Two members on Google’s board of directors wanted founders Larry Page and Sergey Brin to personally try to poach Facebook employees, according to newly released documents from Silicon Valley’s high-profile wage collusion case, as noted by The Wall Street Journal.
The case — which accuses Google, Apple, Intel, and Adobe of conspiring not to recruit each other’s talent — had previously released emails showing Google execs started getting concerned about Facebook recruiting its employees around 2007.
The latest emails, sent in 2010, suggest Google board of directors member Paul Otellini, Intel’s CEO, and venture capitalist John Doerr thought Google needed to step up its own recruiting game.
This is from an email sent by Prasad Setty, Google’s VP of compensation:
“Paul/John asked who was reaching out to the target Facebookers. They suggested that we have Larry/Sergey and Eng execs reach out rather than the Staffing leads.”
Here’s the reply from Google security executive Shannon Deegan:
“I don’t agree that we should be asking Larry and Sergey to reach out to Facebookers. That will quickly be leaked and I believe won’t look great.”
The court files show no evidence that Brin or Page ended up personally recruiting any Facebook employees.
Three years prior, a Google engineering had also manager sounded the alarm that employees were emailing about Google “providing counter-offers within an hour to Googlers who give notice about getting a Facebook offer,” according to the Wall Street Journal.

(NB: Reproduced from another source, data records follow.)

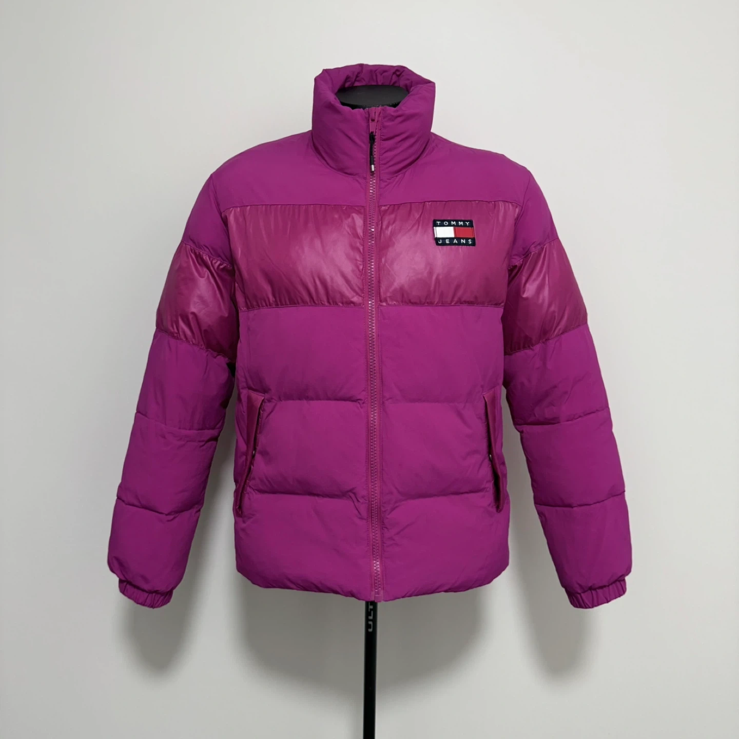Men’s Tommy Jeans winter fuchsia puffer coat, synthetic fill, in size Small. In clean, like-new condition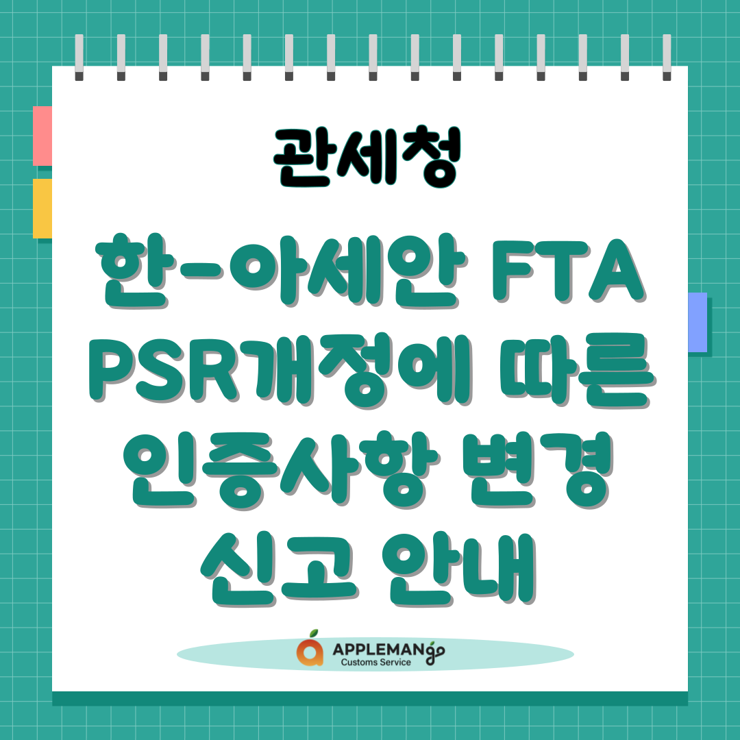 관세청, 한-아세안 FTA PSR개정에 따른 인증사항 변경신고 안내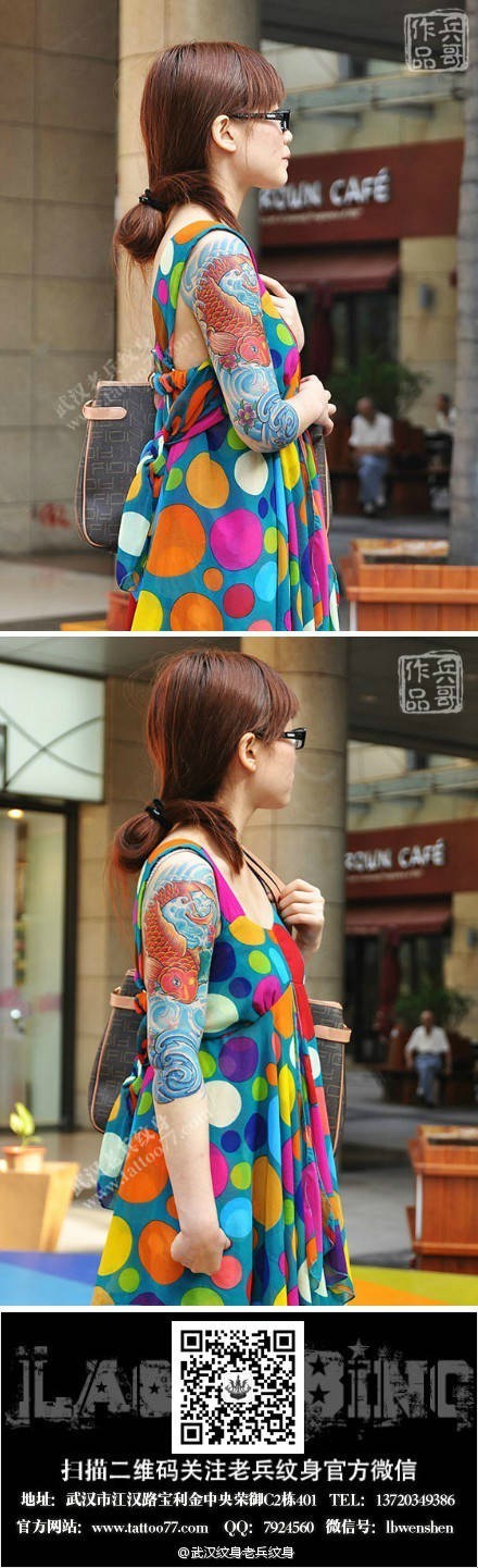 遮盖疤痕,花臂鲤鱼纹身由武汉最好纹身店老兵出品

Google apparently didn’t want that information publicized: The company’s then-CEO Eric Schmidt emailed the company at the time, saying, “Since I announced our 1 hour policy exactly 24 hours ago we should be embarrassed and disgusted by this leak.”
Both sides in the suit — the 64,000 tech workers suing and the four tech companies — approved a settlement of $US324 million, but U.S. District Judge Lucy Koh is yet to approve it.